## Line Graphs: Lichess Puzzle Accuracy vs Training Steps for Different Models
### Overview
Three line graphs compare the performance of three language models (Qwen2.5-3B, Qwen2.5-7B, Llama3.1-8B) across three training strategies: dense reward (blue), sparse reward (gray), and action SFT (red dotted line). The y-axis measures "Lichess Puzzle Accuracy" (0-0.35 range), and the x-axis tracks "Training Step" (0-150). All graphs show distinct trends in how each model improves with training.
### Components/Axes
- **X-axis**: Training Step (0-150, linear scale)

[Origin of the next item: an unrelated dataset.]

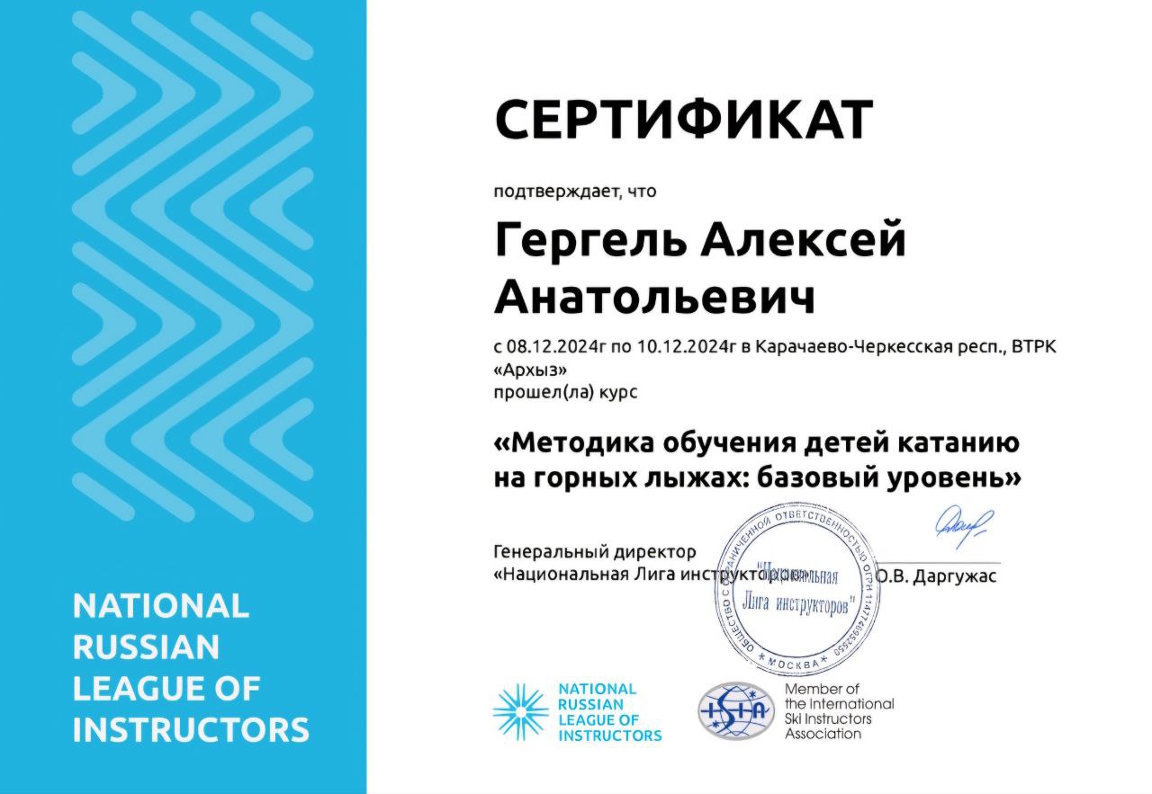 Квалифицированный инструктор международной категории по горным лыжам ⛷️ и сноуборду 🏂«НЛИ -Национальная лига инструкторов» категории "С", официаьно аккредитованный инструктор на курорте Архыз

- **Y-axis**: Lichess Puzzle Accuracy (0-0.35, linear scale)
- **Legends**:
- Dense reward (solid blue)
- Sparse reward (solid gray)
- Action SFT (dashed red)
- **Graph Titles**:
- Qwen2.5-3B
- Qwen2.5-7B
- Llama3.1-8B
### Detailed Analysis
#### Qwen2.5-3B
- **Dense reward**: Starts at ~0.005, rises sharply to ~0.24 by step 150 (slope: ~0.0016 per step).
- **Sparse reward**: Remains flat at ~0.005 throughout.
- **Action SFT**: Flat line at ~0.16.
#### Qwen2.5-7B
- **Dense reward**: Starts at ~0.005, rises to ~0.28 by step 150 (slope: ~0.0018 per step).
- **Sparse reward**: Starts at ~0.005, rises to ~0.29 by step 150 (slope: ~0.0019 per step).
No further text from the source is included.